## COLLECTED MATERIAL
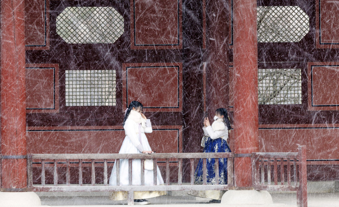 [열린의정뉴스 = 김윤영 기자] 17일 오후 서울 경복궁에 눈이 내리고 있다.  2022.1.17
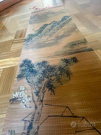Antico arazzo giapponese vintage dipinto a mano in bamboo (bambú) arrotolabile.
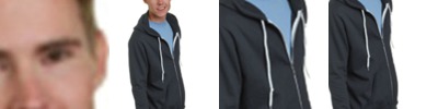 - Contrasting drawcord and zipper

## EXERCISE DESCRIPTION
Only the lines from the one with "Antico arazzo giapponese" to the end of the listing, both ends included, should be retyped exactly; no pictures belong in the copy.

## OUTPUT OF THE EXERCISE
Antico arazzo giapponese vintage dipinto a mano in bamboo (bambú) arrotolabile.
 - Contrasting drawcord and zipper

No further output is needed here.